I’ve been intrigued with the open source statistical language R for a few years. Part of my job when I worked in sales at Google was large-scale data analysis and I used MySQL. But the auction statisticians used R to understand the dynamics of the money-printing machines, AdWords and AdSense.
I wanted to get a better sense of the language and its power but couldn’t find the right data set to analyze. Two weeks ago, one of my portfolio companies, Expensify, provided me access to their data and I kicked off my journey into the world of data science.
I had posed many questions in board meetings and wondered separately about relationships between different factors in the business. Expensify is a SaaS business selling expense management solutions. It’s a metrics rich business and the company had a great analytics database that I used.
My Set Up
I used mysql and ssh to pull data from the Expensify database. Then I took this data and dumped it to a csv. Lastly, I used RStudio, an Eclipse-like IDE (integrated development environment). This worked great.
Analyses I performed
Next, I wrote down all the questions I had and started digging through the data. I was looking to answer these questions:
- Customer segmentation: What are the major customer segments we have and how large are they? How do usage patterns differ across small, medium and large customers?
- Feature use analysis: How many receipts does the average user upload? How many receipts in the average expense report? how many expense reports per user per month?
- Conversion funnel: How long does it take for 50%, 75% and 90% of new users to convert to paid? What are the triggers for a user to convert to paid?
- Customer support: What is the impact of customer support on conversion funnel? What are the characteristics of customers who require little support but generate large revenues?
The one question I was most curious about in my investigation were the advantages of R over MySQL. Sure, R has lots of fancy statistical components but most startups don’t really need this firepower. But I was surprised to discover, R has 3 big advantages over MySQL.

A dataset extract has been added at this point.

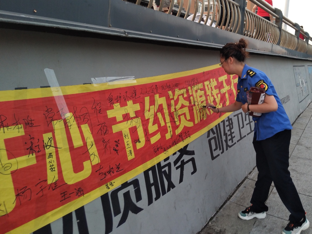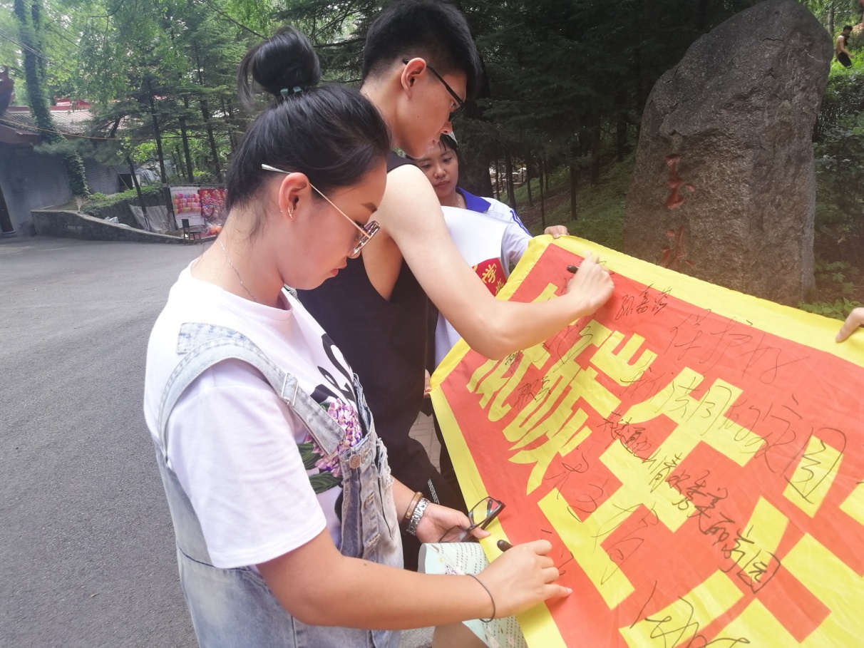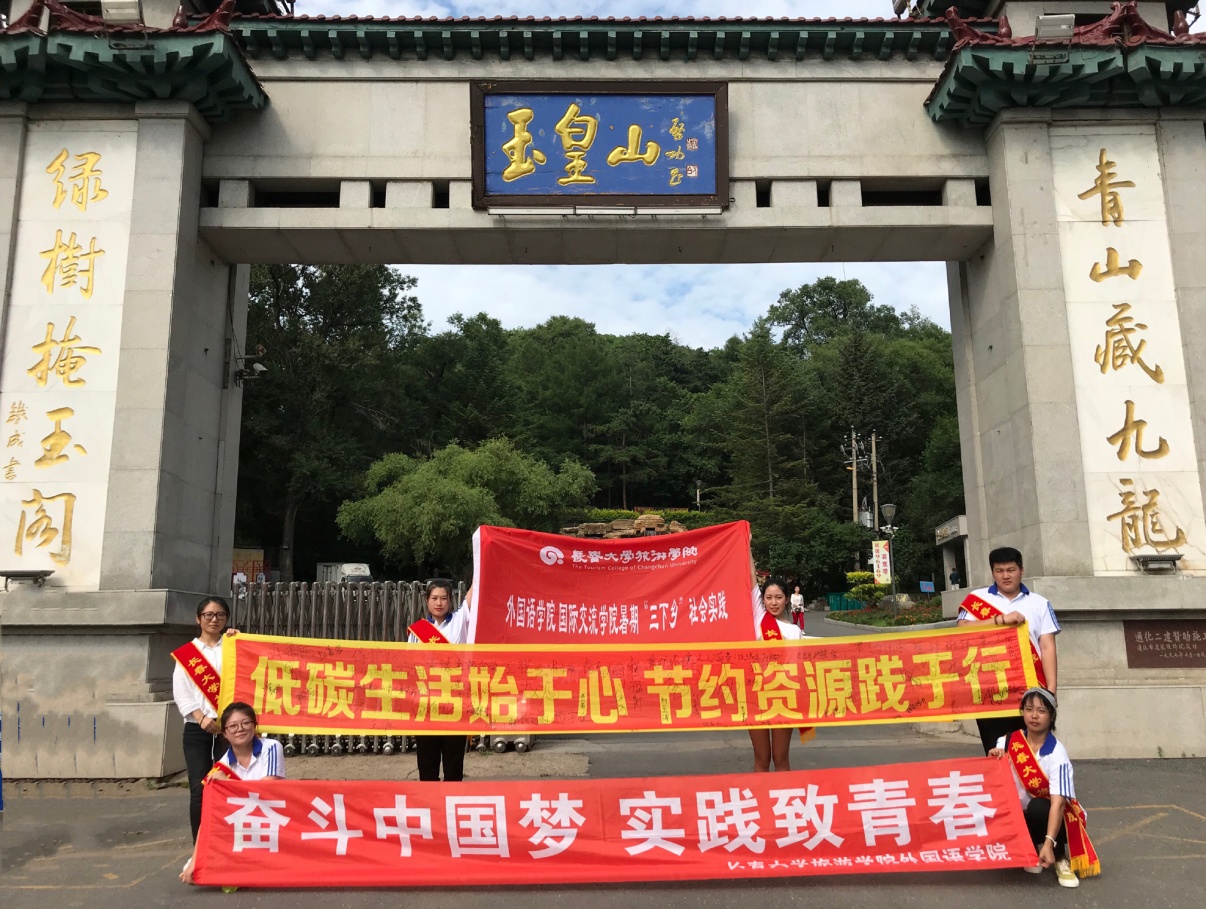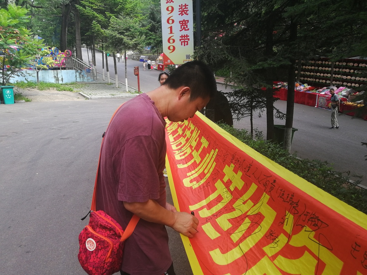 第二天,带着对革命先烈的无限崇敬和新时代的社会责任,实践团先后来到玉皇山公园和广电大厦彩虹桥,顶着烈日进行“低碳生活始于心 节约资源践于行”环保宣传及签名活动。向游人发放环保宣传单,讲解低碳环保知识,帮助大家提高环保意识,共建绿色家园。宣传倡议活动得到外地游客、通化市体育运动学校师生、65637部队军官和城市管理执法者等各界人士的积极响应和支持,几位通化本地的阿姨得知团队是从长春来的大学生,更赞许我们是优秀新一代并亲切叮嘱路途安全。活动中团队成员不惧酷暑、奉献社会的精神感动了通化市金科美厨房设备有限公司的工作人员,特意送来了矿泉水帮大家解暑降温。

First, I could filter data much more quickly in R than MySQL. Instead of entering in massive where subclauses in MySQL, you can subset a matrix using syntax like customers[customers$revenue>1,000,]. It’s simple.
Second, I could get a sense of the data much faster using things like correlation matrices (there’s a graphical example below) which just aren’t supported in MySQL. R gives you the power and flexibility of Excel’s pivot tables but applied to MySQL scale data sets.

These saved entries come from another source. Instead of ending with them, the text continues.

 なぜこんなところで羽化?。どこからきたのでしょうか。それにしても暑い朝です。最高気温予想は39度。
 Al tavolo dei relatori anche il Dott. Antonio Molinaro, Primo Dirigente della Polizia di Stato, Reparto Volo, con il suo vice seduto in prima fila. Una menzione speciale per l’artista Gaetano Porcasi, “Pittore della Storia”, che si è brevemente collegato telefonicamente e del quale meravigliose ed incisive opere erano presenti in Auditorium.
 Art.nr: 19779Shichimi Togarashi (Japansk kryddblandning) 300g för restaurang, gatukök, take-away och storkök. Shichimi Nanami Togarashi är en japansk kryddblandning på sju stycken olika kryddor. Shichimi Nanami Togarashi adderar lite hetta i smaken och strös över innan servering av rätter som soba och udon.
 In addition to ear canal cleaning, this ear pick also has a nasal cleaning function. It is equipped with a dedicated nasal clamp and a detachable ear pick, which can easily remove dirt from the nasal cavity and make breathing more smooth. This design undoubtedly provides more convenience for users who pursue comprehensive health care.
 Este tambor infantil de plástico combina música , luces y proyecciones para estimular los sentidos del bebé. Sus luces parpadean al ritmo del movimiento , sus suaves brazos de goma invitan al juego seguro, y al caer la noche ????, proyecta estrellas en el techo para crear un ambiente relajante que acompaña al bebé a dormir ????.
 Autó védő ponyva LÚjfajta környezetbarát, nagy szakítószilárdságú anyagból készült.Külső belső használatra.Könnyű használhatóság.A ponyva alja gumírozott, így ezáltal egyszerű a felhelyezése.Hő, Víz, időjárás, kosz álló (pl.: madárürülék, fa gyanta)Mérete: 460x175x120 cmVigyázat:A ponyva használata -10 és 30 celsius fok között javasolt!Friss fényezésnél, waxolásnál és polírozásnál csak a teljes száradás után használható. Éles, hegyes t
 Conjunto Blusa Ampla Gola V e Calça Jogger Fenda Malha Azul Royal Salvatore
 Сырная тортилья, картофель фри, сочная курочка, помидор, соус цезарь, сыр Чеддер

Last, R’s visualizations communicated the trends much better than a MySQL table or Excel chart ever could. There are many kinds (marimekko, sankey, and even the basic xy plot). I’ve shown you two of my favorites below.
Visualization is one of the best parts of R, because it allows you to see relationships instantly, where the correlations are. Here I used a venture capital dataset to inform last week’s blog post on the 10 data points about the VC market. I was trying to figure out where the relationships are across 10 variables: money raised, money invested, number of investments, S&P close, S&P annual change/performance, IPOs (number and value), M&A (number and value).

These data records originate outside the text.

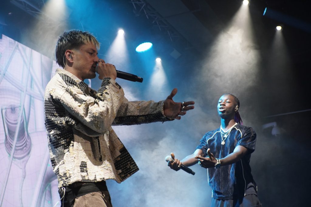 Durante el show no faltaron los invitados. El primero de ellos en aparecer fue Munic HB, con quien estrenó una canción en el último proyecto bajo el nombre de Slowww y pudimos ver en vivo por primera vez. Más adelante también salió Xavibo para cantar No sé si tú, y en el tramo final de la noche vimos a Aleesha en Ke Sientes. Es lógico que al ser artistas españoles el público conociera los tracks, y funcionó de manera que estuvieron dejándose el alma en todos ellos. Antes de llegar a las últimas canciones, Seven Kayne se dispuso a regalar la cadena anteriormente mencionada a quien tuviera el mejor disfraz. Después de entregársela a un afortunado Batman, subió al escenario a unas chicas del público que también estaban disfrazadas para cantar el mítico Tres Rosas.
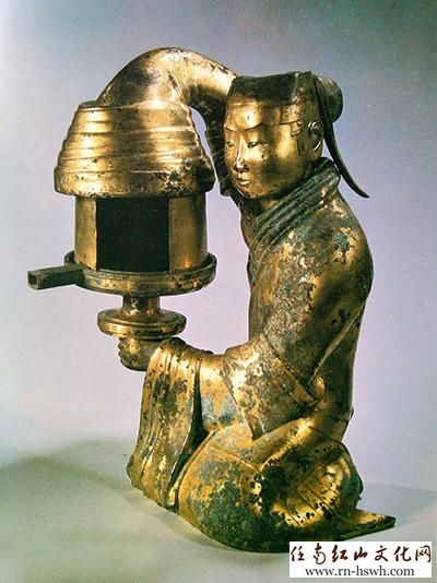 长信宫灯于1968年在满城中山靖王刘胜妻窦绾墓出土,通体鎏金,作宫女跪坐执灯形象。宫女梳髻覆帼,着深衣,跣足。由头部、身躯、右臂、灯座、灯盘、灯罩 等部分组成。各部分可拆卸,灯盘可转动,灯罩可开合。宫女体臂中空,右臂为烟道,可将灯烟导入器内,以保持室内清洁。灯上刻铭文九处,内容包括灯的重量、 容量、铸造时间和所有者等。因刻有“长信尚浴”字样,故名长信宫灯。(据河北博物馆)
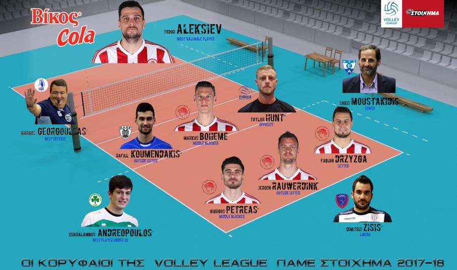 Η ΕΣΑΠ ανακοίνωσε την κορυφαία ομάδα του πρωταθλήματος Volley League Πάμε Στοίχημα 2017-18. Για την ανάδειξη της κορυφαίας επτάδας 2017-18, του κορυφαίου αθλητή Κ20 ετών και του προπονητή «που δεν θα ήθελαν να είχαν αντίπαλο» ψήφισαν οι προπονητές των 12 ομάδων.
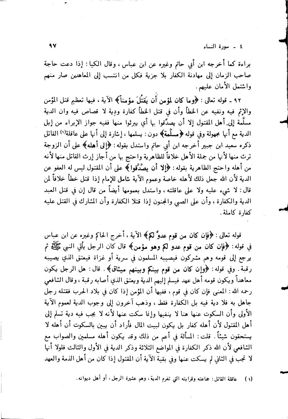 92- قوله تعالى: {وَمَا كَانَ لِمُؤْمِنٍ أَنْ يَقْتُلَ مُؤْمِنًا} الآية.
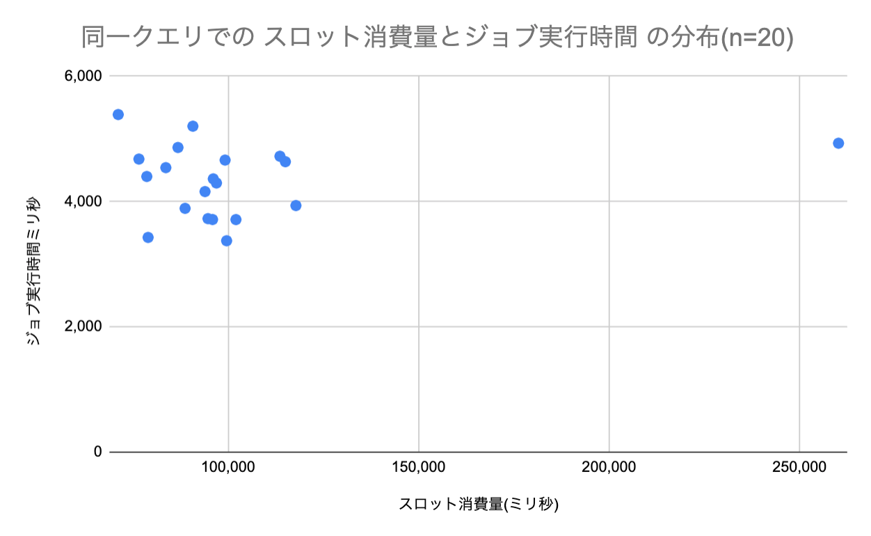 最小: 3,374両指標を分布図にすると以下のようになりました。スロット消費量とジョブの実行時間に相関はなさそうです。
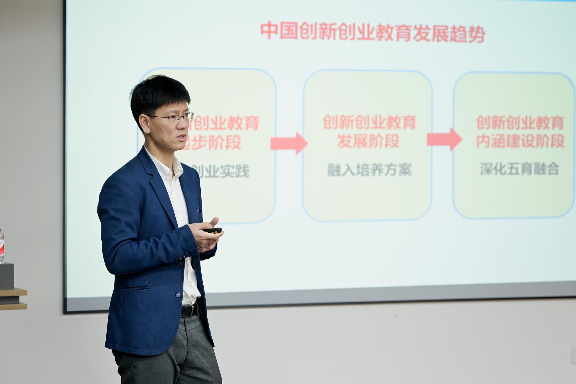 第一部分中,施教授说:“新的趋势是大的背景。”并多次强调创新创业教育需要和德智体美劳相融合,并将其专业化。他认为,中国创新创业教育发展趋势分为起步、发展、内涵建设三个阶段,第一阶段中需要关注创业实践,第二阶段中融入培养方案,在第三阶段深化五育融合,并表示创新创业需要强调社会责任感,这也是立德树人的体现。

The first chart, the correlation matrix, shows the kind of relationship and the second, the heatmap, shows the strength of the linear relationship with whiter blocks indicating higher correlations. Each of these was one command in R.
If you’re hiring a data scientist, make sure they can use R. If you’re looking to understand the trends in your business better, learn R. If you have nothing better to do this weekend, learn R.
In just a few weeks, I’ve become a huge believer in the power of the platform to deeply understand customer trends and patterns. The best businesses are metrics oriented businesses and having this competency in the business is incredibly powerful.
Flowing Data – Nathan Yau, who used to work at the NYTimes visualization team, shows you how visualizations are best done. Great inspiration for communication.
The Art of R programming – Fantastic overview and deep explanations of R. A great manual. It even includes discussion of performance questions.
RStudio – a good IDE for R programming. Feels a lot like Eclipse.